Luciane Evans, Luiz Ribeiro/Estado de Minas - Enviado especial
postado em 18/08/2010 07:00
;O que mata é o cobre, não a pinga.; A velha desculpa dos apreciadores da cachaça é também argumento e motivo de alerta na saúde pública. Com base em resolução da Agência Nacional de Vigilância Sanitária (Anvisa) que proíbe o uso de utensílios de cobre na produção alimentícia, a Vigilância Sanitária de Minas Gerais, além de estar de olho na produção de doces mineiros no tacho, também está atenta à fabricação de outro patrimônio do estado: a cachaça artesanal. A bebida é produzida tradicionalmente em alambiques de cobre. Mas, de acordo com as autoridades sanitárias, o metal em contato com a bebida representa risco ao organismo se o teor ficar acima de cinco miligramas por litro, limite tolerado pelo Ministério da Agricultura. Ainda este ano, a Secretaria de Estado de Saúde (SES) fará nova análise das aguardentes que estão no mercado mineiro, para avaliar a presença da substância. Mas as restrições ao mais tradicional método de destilação preocupam sobretudo pequenos produtores, como os da capital da cachaça, Salinas, no Norte de Minas, onde a proibição pode levar a maioria à falência.A proibição do uso de utensílios de cobre na produção alimentícia, presente em resolução da Anvisa de 2007, afeta praticamente todos os 8 mil produtores informais de cachaça em Minas, que respondem por um mercado estimado em 240 milhões de litros ao ano. Segundo a Associação Mineira dos Produtores de Cachaça de Qualidade (Ampaq), o volume é equivalente à produção anual dos 900 fabricantes registrados no estado, que por sua vez respondem por 60% de toda produção formal no Brasil da cachaça de alambique artesanal. Segundo a Ampaq, 99% de todos os produtores no estado, formais ou informais, usam alambiques feitos com o metal. A diferença é que, no caso das aguardentes registradas, processos industriais de filtragem garantem que o teor de cobre fique dentro do limite permitido.

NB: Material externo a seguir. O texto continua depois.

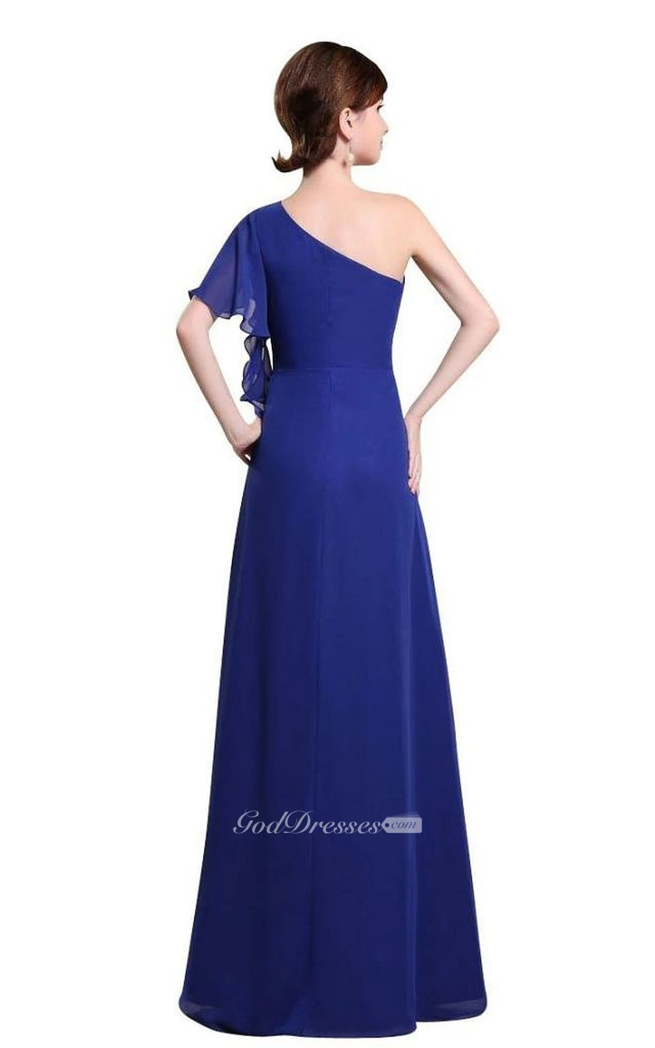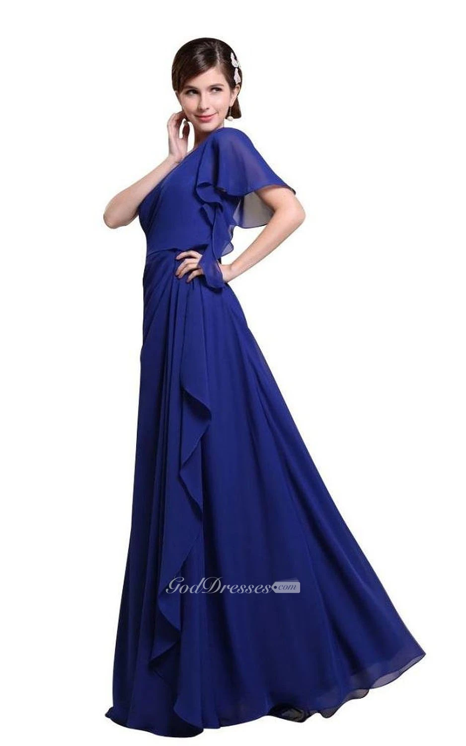 One-shoulder Drapped Sleeve Long Layered Chiffon Dress

;O que a Anvisa recomenda é que o cobre seja revestido por níquel, ouro ou prata. Em 2004, fizemos análises no mercado e constatamos que muitas cachaças estavam com teor de cobre acima do estabelecido. A pesquisa foi repetida em 2005, 2006 e 2007. Este ano, já fizemos algumas análises e, naquelas examinadas, o teor está dentro dos limites. Até o fim do ano vamos analisar outras marcas em uma região do estado;, afirma, sem revelar detalhes, a coordenadora de Registro e Cadastro de Alimentos da Secretaria de Estado da Saúde, Joana Dalva de Miranda, explicando que, as marcas que estão irregulares são interditadas e o Ministério da Agricultura é avisado.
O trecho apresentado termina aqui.